作者：mobiledu2402851203 | 2023-09-08 14:25

如何解决《Elasticsearch通过过滤的子文档计数过滤父母》经验，为你挑选了1个好方法。

我正在尝试对我拥有的一组数据执行一些弹性搜索查询.我有一个用户文档,它是许多子页面视图文档的父级.我希望返回已经查看特定页面任意次数的所有用户(由用户输入框定义).到目前为止,我有一个has_child查询,它将返回所有具有某些id的页面视图的用户.然而,这将使那些父母带着他们所有的孩子回归.接下来,我尝试在这些查询结果上编写聚合,这将基本上以聚合形式执行相同的has_child查询.现在,我有过滤子文档的正确文档计数.我需要使用此文档计数返回并过滤父项.要用单词解释查询,"将查看特定页面的所有用户返回给我4次以上".我可能需要重构我的数据.有什么想法吗？

这是我到目前为止的查询:

curl -XGET 'http://localhost:9200/development_users/_search?pretty=true' -d '
{
    "query" : { 
      "has_child" : {
        "type" : "page_view",
        "query" : {
          "terms" : {
            "viewed_id" : [175,180]
          }
        }
      }
    },
    "aggs" : {
      "to_page_view": {
        "children": {
          "type" : "page_view"
        },
        "aggs" : {
          "page_views_that_match" : {
            "filter" : { "terms": { "viewed_id" : [175,180] } }
          }
        }
      }
    }
}'

这会给我一个回复,如:

{
  "took" : 3,
  "timed_out" : false,
  "_shards" : {
    "total" : 5,
    "successful" : 5,
    "failed" : 0
  },
  "hits" : {
    "total" : 1,
    "max_score" : 1.0,
    "hits" : [ {
      "_index" : "development_users",
      "_type" : "user",
      "_id" : "22548",
      "_score" : 1.0,
      "_source":{"id":22548,"account_id":1009}
    } ]
  },
  "aggregations" : {
    "to_page_view" : {
      "doc_count" : 53,
      "page_views_that_match" : {
        "doc_count" : 2
      }
    }
  }
}

相关映射:

{
  "development_users" : {
    "mappings" : {
      "page_view" : {
        "dynamic" : "false",
        "_parent" : {
          "type" : "user"
        },
        "_routing" : {
          "required" : true
        },
        "properties" : {
          "created_at" : {
            "type" : "date",
            "format" : "date_time"
          },
          "id" : {
            "type" : "integer"
          },
          "viewed_id" : {
            "type" : "integer"
          },
          "time_on_page" : {
            "type" : "integer"
          },
          "title" : {
            "type" : "string"
          },
          "type" : {
            "type" : "string"
          },
          "updated_at" : {
            "type" : "date",
            "format" : "date_time"
          },
          "url" : {
            "type" : "string"
          }
        }
      },
      "user" : {
        "dynamic" : "false",
        "properties" : {
          "account_id" : {
            "type" : "integer"
          },
          "id" : {
            "type" : "integer"
          }
        }
      }
    }
  }
}

Sloan Ahrens.. 6

好的,所以这是一种参与.我做了一些简化,以保持在我脑海中.首先,我使用了这个映射:

PUT /test_index
{
    "mappings": {
        "page_view": {
            "_parent": {
               "type": "development_user"
            },
            "properties": {
                "viewed_id": {
                    "type": "string"
                }
            }
        },
        "development_user": {
            "properties": {
                "id": {
                    "type": "string"
                }
            }
        }
    }
}

然后我添加了一些数据.在这个小小的宇宙中,我有三个用户和两个页面.我想查找"page_a"至少查看过两次的用户,因此如果我构造了正确的查询,则只3返回用户.

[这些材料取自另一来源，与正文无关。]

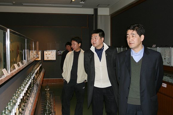 赵显利副校长一行在参观朝鲜大学校的自然博物馆。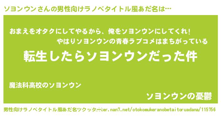 | 女子向けラノベタイトル風あだ名 | 『ソヨンウンの玉の輿計画!』 |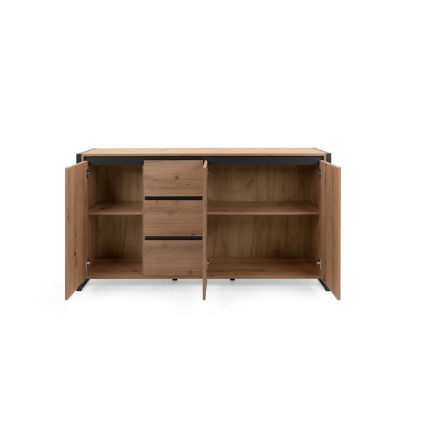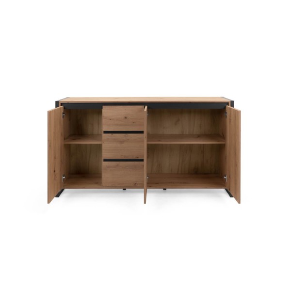 Buffet 160 cm avec portes et tiroirs en chêne et anthracite - Denver 3

POST /test_index/development_user/_bulk
{"index":{"_type":"development_user","_id":1}}
{"id":"user_1"}
{"index":{"_type":"page_view","_parent":1}}
{"viewed_id":"page_a"}
{"index":{"_type":"development_user","_id":2}}
{"id":"user_2"}
{"index":{"_type":"page_view","_parent":2}}
{"viewed_id":"page_b"}
{"index":{"_type":"development_user","_id":3}}
{"id":"user_3"}
{"index":{"_type":"page_view","_parent":3}}
{"viewed_id":"page_a"}
{"index":{"_type":"page_view","_parent":3}}
{"viewed_id":"page_a"}
{"index":{"_type":"page_view","_parent":3}}
{"viewed_id":"page_b"}

为了得到答案,我们将使用聚合.请注意,我不希望返回文档(正常方式),但我确实希望过滤掉我们分析的文档,因为它会提高效率.所以我使用你以前的基本过滤器.

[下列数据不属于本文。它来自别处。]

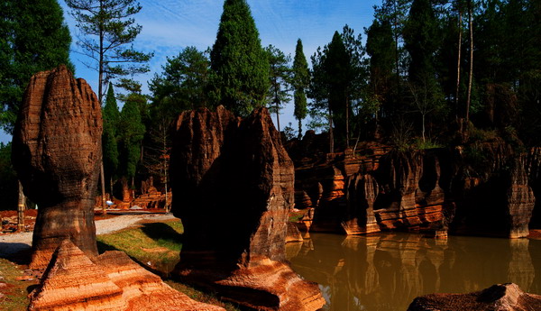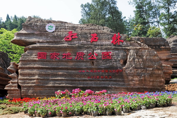 景區(qū)由紅色石林巖溶地貌和峽谷地貌以及暗河、湖泊、瀑布、洞穴地貌組成。它包括了石林、峰叢、石柱、河流、湖泊、暗河、瀑布、洞穴、巖溶洼地、標(biāo)準(zhǔn)地質(zhì)剖面和古生物化石等地質(zhì)遺跡組成。構(gòu)成了有的如神龜探海,鷹擊長(zhǎng)空,有的像紫荊花恕放,海洋冰床,有的像城堡峰,有的像乳燕待哺、蝸牛搬家,有的如七彩迷宮,有的如少女出浴、捧手祈福、觀音坐蓮,有的像石鞭候主、神龜探海,有的如神雕望月、錦雞鳴喜等形態(tài)多樣、色彩斑瀾、層次分明、美妙神奇、絢麗壯觀的地質(zhì)地貌景觀。

因此,聚合树开始时terms_parent_id将仅分离父文档.在我的内部,children_page_view它将子文档过滤到我想要的那些("page_a"),并且在层次结构中bucket_selector_page_id_term_count它旁边是使用桶选择器(你需要ES 2.x)来过滤那些符合父文档的父文档标准,然后最后一个顶部命中聚合,向我们展示符合要求的文件.

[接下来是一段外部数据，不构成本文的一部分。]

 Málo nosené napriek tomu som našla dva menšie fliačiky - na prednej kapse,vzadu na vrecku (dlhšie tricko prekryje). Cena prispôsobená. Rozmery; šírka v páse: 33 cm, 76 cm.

POST /test_index/development_user/_search
{
   "size": 0,
   "query": {
      "has_child": {
         "type": "page_view",
         "query": {
            "terms": {
               "viewed_id": [
                  "page_a"
               ]
            }
         }
      }
   },
   "aggs": {
      "terms_parent_id": {
         "terms": {
            "field": "id"
         },
         "aggs": {
            "children_page_view": {
               "children": {
                  "type": "page_view"
               },
               "aggs": {
                  "filter_page_ids": {
                     "filter": {
                        "terms": {
                           "viewed_id": [
                              "page_a"
                           ]
                        }
                     }
                  }
               }
            },
            "bucket_selector_page_id_term_count": {
               "bucket_selector": {
                  "buckets_path": {
                     "children_count": "children_page_view>filter_page_ids._count"
                  },
                  "script": "children_count >= 2"
               }
            },
            "top_hits_users": {
               "top_hits": {
                  "_source": {
                     "include": [
                        "id"
                     ]
                  }
               }
            }
         }
      }
   }
}

{
   "took": 14,
   "timed_out": false,
   "_shards": {
      "total": 5,
      "successful": 5,
      "failed": 0
   },
   "hits": {
      "total": 2,
      "max_score": 0,
      "hits": []
   },
   "aggregations": {
      "terms_parent_id": {
         "doc_count_error_upper_bound": 0,
         "sum_other_doc_count": 0,
         "buckets": [
            {
               "key": "user_3",
               "doc_count": 1,
               "children_page_view": {
                  "doc_count": 3,
                  "filter_page_ids": {
                     "doc_count": 2
                  }
               },
               "top_hits_users": {
                  "hits": {
                     "total": 1,
                     "max_score": 1,
                     "hits": [
                        {
                           "_index": "test_index",
                           "_type": "development_user",
                           "_id": "3",
                           "_score": 1,
                           "_source": {
                              "id": "user_3"
                           }
                        }
                     ]
                  }
               }
            }
         ]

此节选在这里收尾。